Treasury Secretary Steven Mnuchin questions Google’s power
Treasury Secretary Steve Mnuchin thinks Google Inc. might be too big for the good of society, echoing what other officials and businesses have been saying for some time.
In an interview with CNBC Monday, Mnuchin said the Department of Justice must look seriously at Google and other tech companies that have unprecedented power and a great impact on the economy. “I think that you have to look at the power they have,” he said, although he added that such scrutiny isn’t in his jurisdiction.
This comes on the back of a segment on “60 Minutes” called “How Did Google Get So Big?” In that show, antitrust lawyer Gary Reback said Google does indeed have a monopoly and that the company has a “mind-boggling degree of control over our entire society.”
In the interview Jeremy Stoppelman, co-founder of Yelp Inc. described how Google is such a behemoth it’s difficult for any other business to compete.

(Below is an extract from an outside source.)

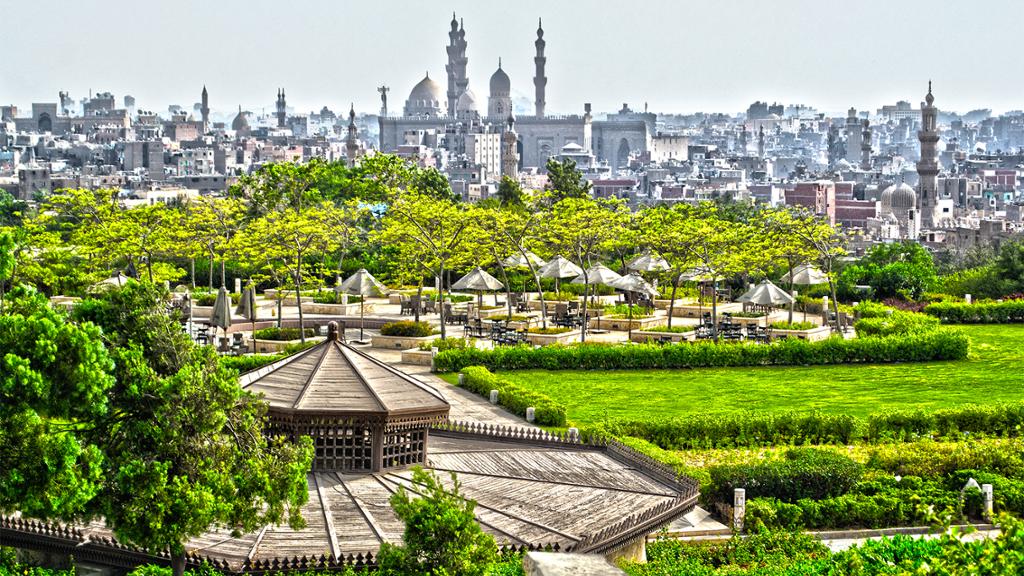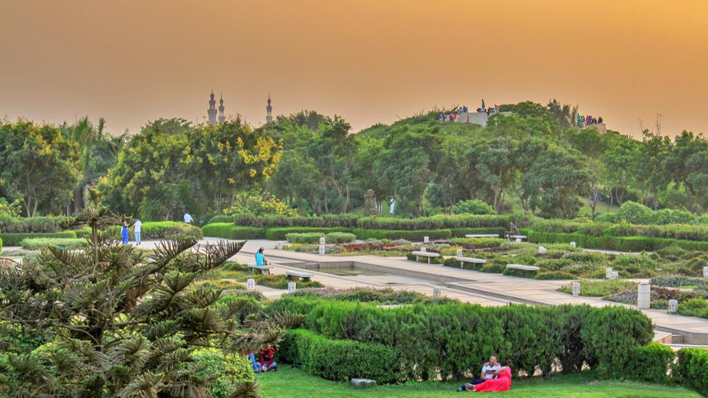 Descubra El Cairo de noche. Le llevaremos en coche a Al Azhar Park, en pleno corazón del Cairo Histórico.
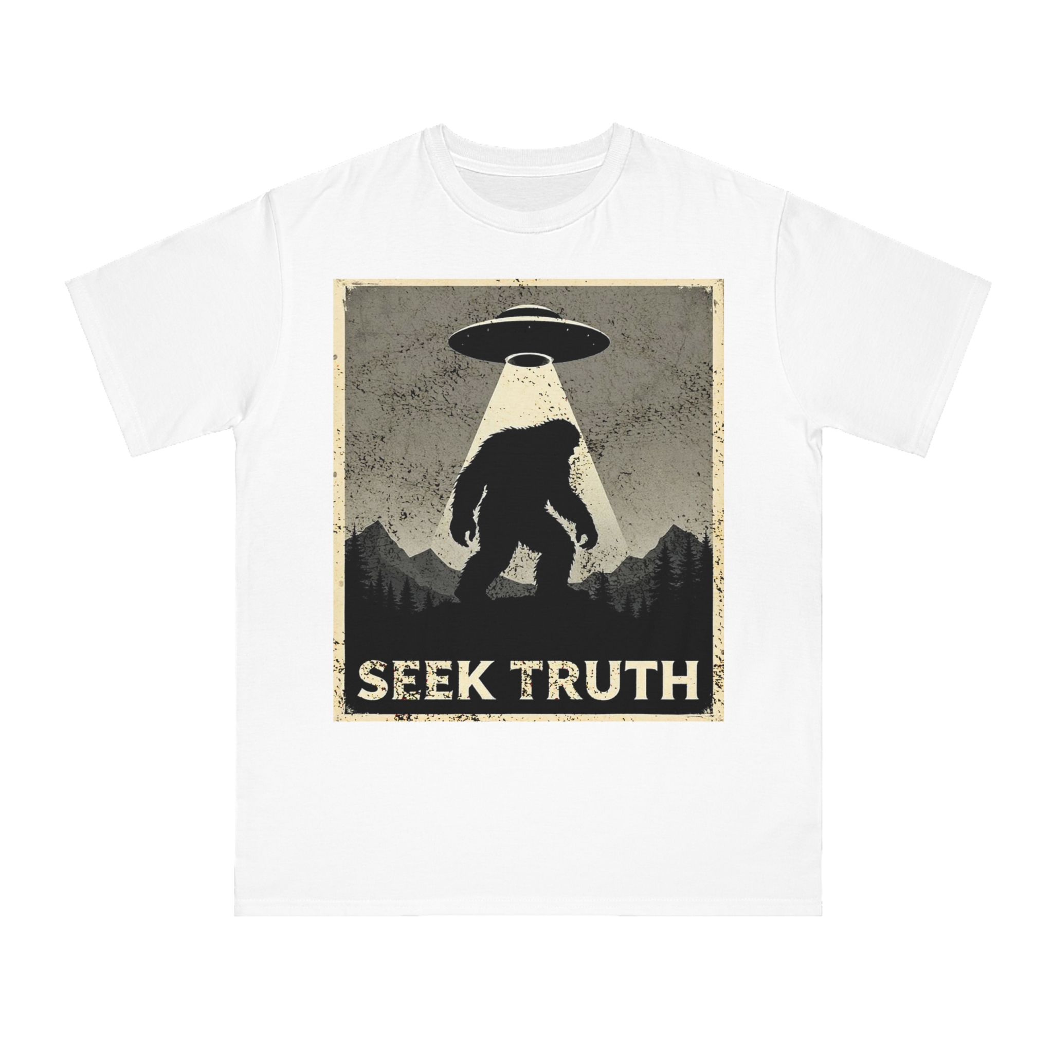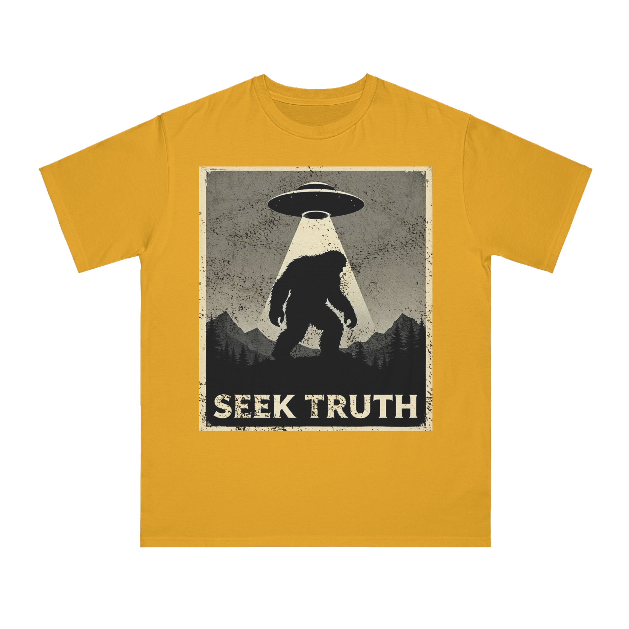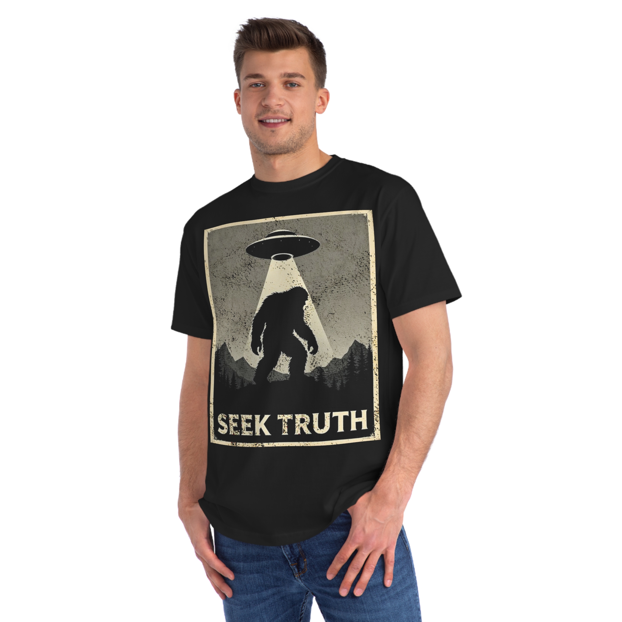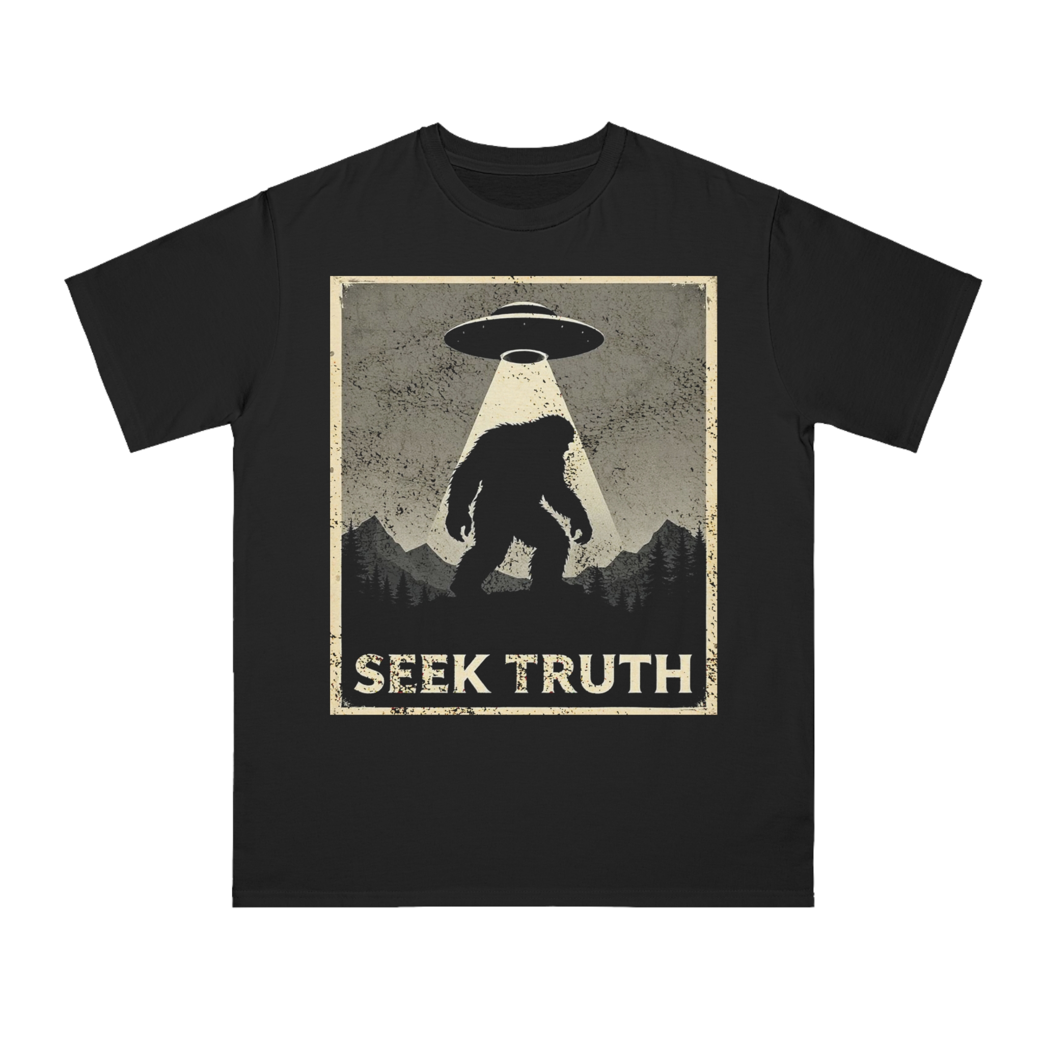 This vintage-style graphic depicts a mysterious silhouette of a large, furry creature reminiscent of Bigfoot standing beneath a UFO in a mountainous forest landscape. The image is rendered in a monochromatic grayscale palette with a textured, weathered appearance that evokes an old poster or newspaper print. A classic flying saucer hovers above the creature, projecting a bright beam of light downward, creating a dramatic and enigmatic scene. The foreground features a silhouetted forest of pine trees and mountain peaks, while the background has a gritty, distressed texture that adds to the vintage aesthetic. At the bottom of the image, the words “SEEK TRUTH” are prominently displayed in bold, worn lettering, suggesting a call to investigate unexplained phenomena and uncover hidden mysteries.

For years now Yelp has been a voice in the corner fighting against what it calls the Google monopoly.
“If you provide great content in one of these categories that is lucrative to Google, and seen as potentially threatening, they will snuff you out,” Stoppelman told 60 Minutes. “They will make you disappear. They will bury you.”
In 2017, Google was hit with a $2.9 billion fine from the European Commission for breaching antitrust rules, which Google challenged. On “60 Minutes,” the European Competition Commissioner Margrethe Vestager said that while she admires some of the things Google has done, she wants an end to the company’s untethered bullying.

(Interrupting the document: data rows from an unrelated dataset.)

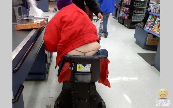 It seems Walmart should employ fashion police as an essential service, to save the NORMAL customers from sights such as these. I had a personal experience today with a young mum wearing jeans which didn't come near to covering the plumber's crack. It didn't matter how much she pulled that T shirt down, the exposure remained exposed. Lucky I'd eaten lunch some time before.
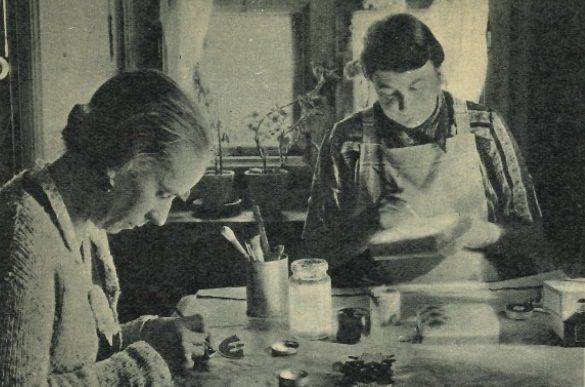 Die Fertigkeiten für diese Arbeiten erlernten die Frauen in Abendkursen bei Maria Bass. Ihr Anliegen war, den Frauen nebst einer Verdienstmöglichkeit auch ihren Sinn für handwerkliche Schönheit zu wecken: «Das Gefühl für das Einfache und Echte, vielleicht mit der Zeit auch die Lust am eigenen Entwerfen», wollte die Kunstmalerin fördern.
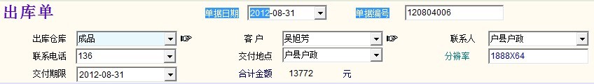 我做了出库单,单据表头有"交付地点"、"联系人","联系电话"、还有"分辨率"项。
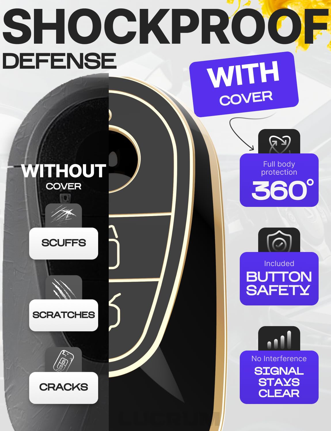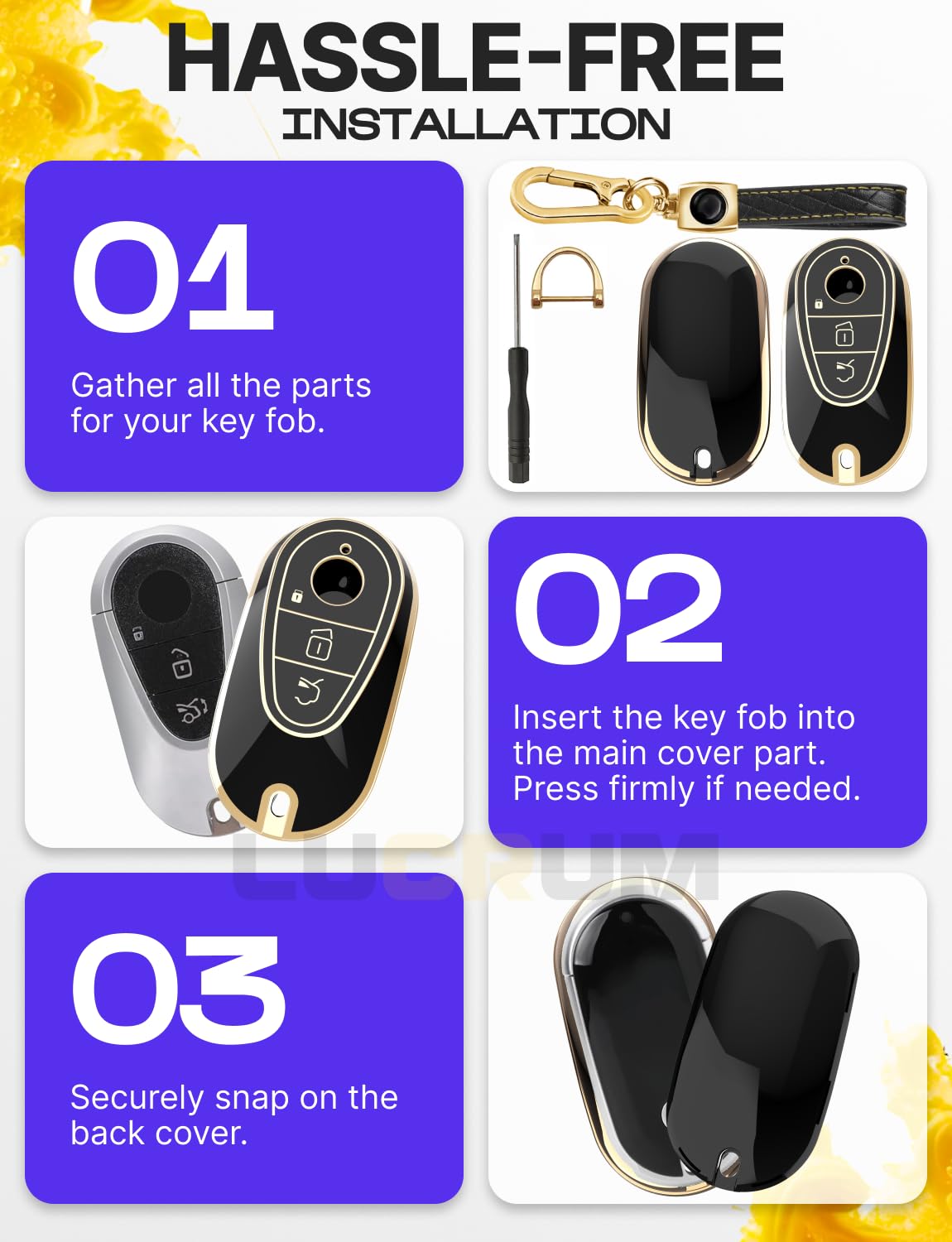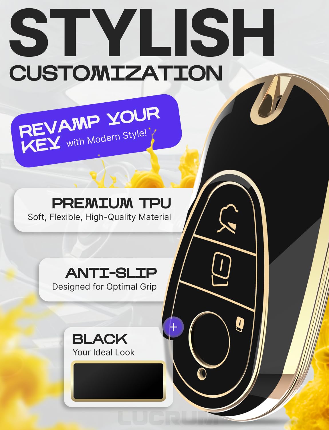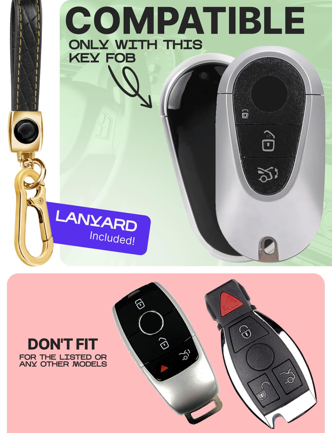 Lucrum key fob case is the best solution if you are not satisfied with the original design of the remote key fob or want to protect it from accidental damage.With its stylish design, the TPU key fob cover adds a touch of sophistication to your key fob, enhancing its overall appearance. Available in 3 colors and finishes, you can choose the one that matches your style and preferences.Compatible with Mercedes Benz models listed below:A-Class 2019-2023 (W177)C-Class 2022-2025 (W206)CLA 2020-2023 (C118)CLS 2021-2023 (C257)E-Class 2023-2025 (W214)EQS 2021-2025 (V297)G-Class 2021-2025 (W463, W464, W465)GL 2021-2025 (X167)GLA 2021-2025 (H247)GLC 2023-2025 (X254)GLE 2021-2025 (W167 / C167)GLS 2021-2025 (X167)SL 2021-2025 (R232)S-Class 2021-2025 (W223)Compatible FCC ID: IYZMS5I / IC: 2701A-MS5IIn addition to protecting the buttons of your key fob, the Lucrum key cover also safeguards them from accidental presses. The precise cutouts allow easy access to all the buttons, ports, and features of the Hyundai key fob, ensuring full functionality without the need to remove the cover.With its combination of style, button protection, all-around coverage, and the detachable keychain with a carabiner, the TPU key fob cover offers a practical and fashionable solution to keep your key fob safe and secure

“It’s very difficult to find the rivals,” she said. “Because on average, you’d find them only on page four in your search results.”
But it’s not only Google under the spotlight. Last month Makan Delrahim, the head of the Justice Department’s antitrust division, said at a conference that large tech companies were engaging in the art of excluding the little man and gaining control over the market.
“Antitrust enforcers may need to take a close look to see whether competition is suffering and consumers are losing out on new innovations as a result of misdeeds by a monopoly incumbent,” said Delrahim.